> **What is required**
Exclude all pictures from your copy of the data below, which should otherwise match exactly.

> **Given information**
- - -
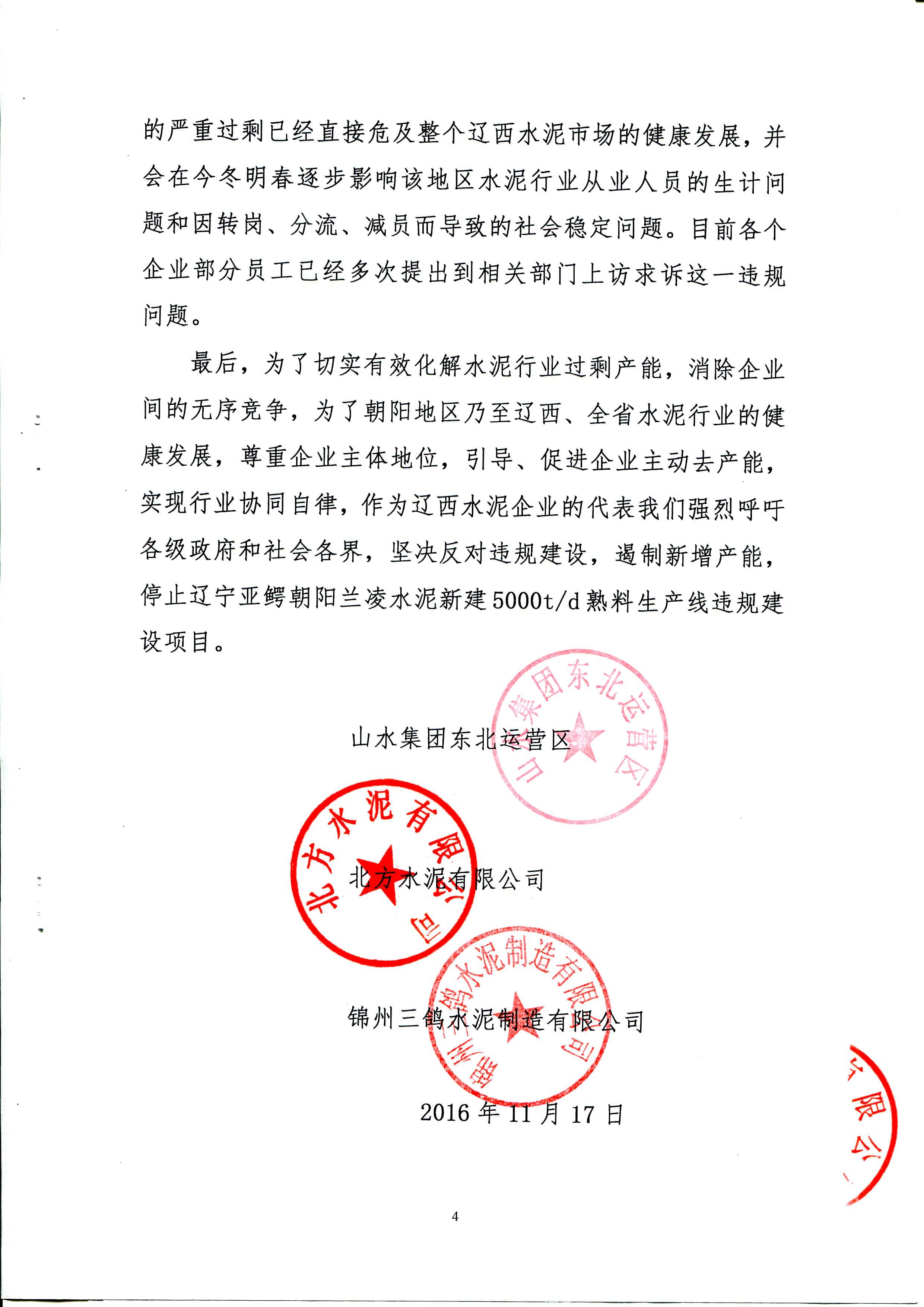 山水水泥、北方水泥、三鴿水泥、遼寧建材協會聯名舉報蘭凌水泥違規建線
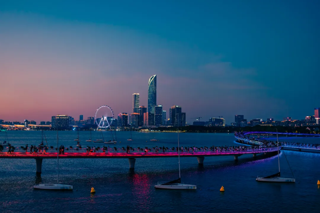 高端会议类则直接看金鸡湖和阳澄湖。会议酒店有800人报告厅和湖景圆桌,可拆分可合并,LED屏、同声传译一应俱全;坐拥一线湖景,30人董事会议或300人大会都能在同一栋建筑完成住宿、用餐会议,五星厨房。
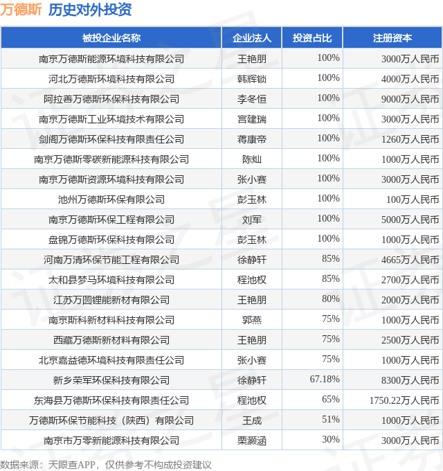证券之星消息,根据天眼查APP显示,万德斯(688178.SH)新增一起对外投资事件,被投资公司为河南盛泓环保工程有限公司,法定代表人储金冕,投资占比为-。该公司从事建筑装饰、装修和其他建筑业,注册资本为500万人民币。目前,万德斯共存在对外投资24项,投资占比前20的项目见下表:
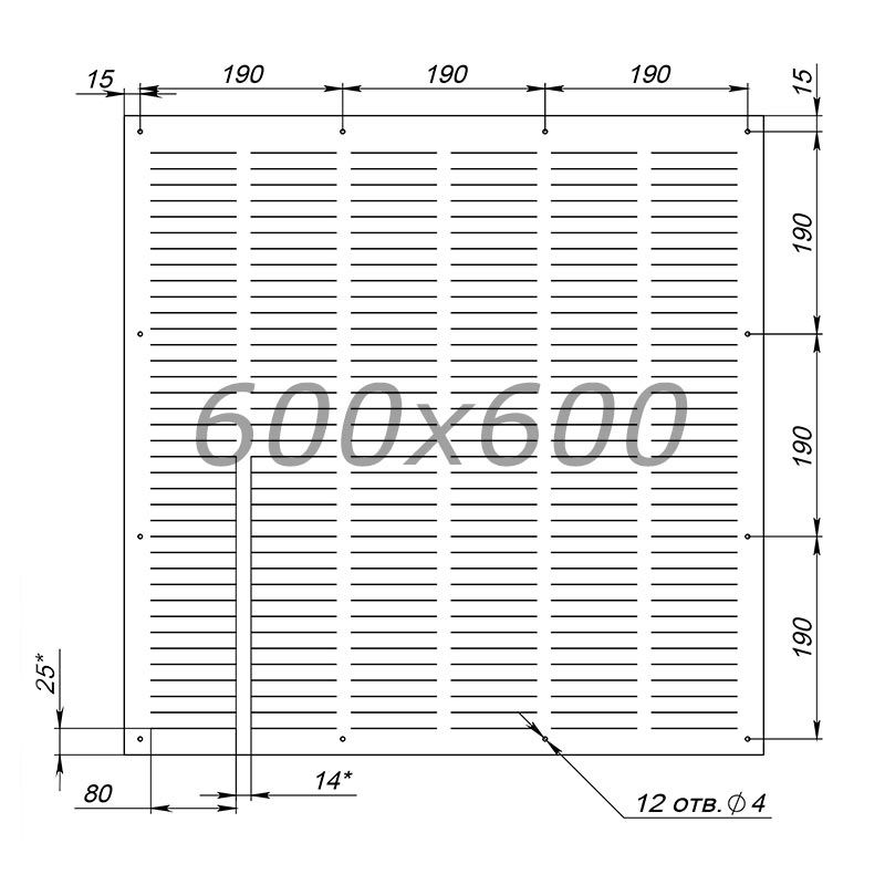 Металлическая вентиляционная решетка Артель 600x600
- - -
> **Final answer**
 山水水泥、北方水泥、三鴿水泥、遼寧建材協會聯名舉報蘭凌水泥違規建線
 高端会议类则直接看金鸡湖和阳澄湖。会议酒店有800人报告厅和湖景圆桌,可拆分可合并,LED屏、同声传译一应俱全;坐拥一线湖景,30人董事会议或300人大会都能在同一栋建筑完成住宿、用餐会议,五星厨房。
证券之星消息,根据天眼查APP显示,万德斯(688178.SH)新增一起对外投资事件,被投资公司为河南盛泓环保工程有限公司,法定代表人储金冕,投资占比为-。该公司从事建筑装饰、装修和其他建筑业,注册资本为500万人民币。目前,万德斯共存在对外投资24项,投资占比前20的项目见下表:
 Металлическая вентиляционная решетка Артель 600x600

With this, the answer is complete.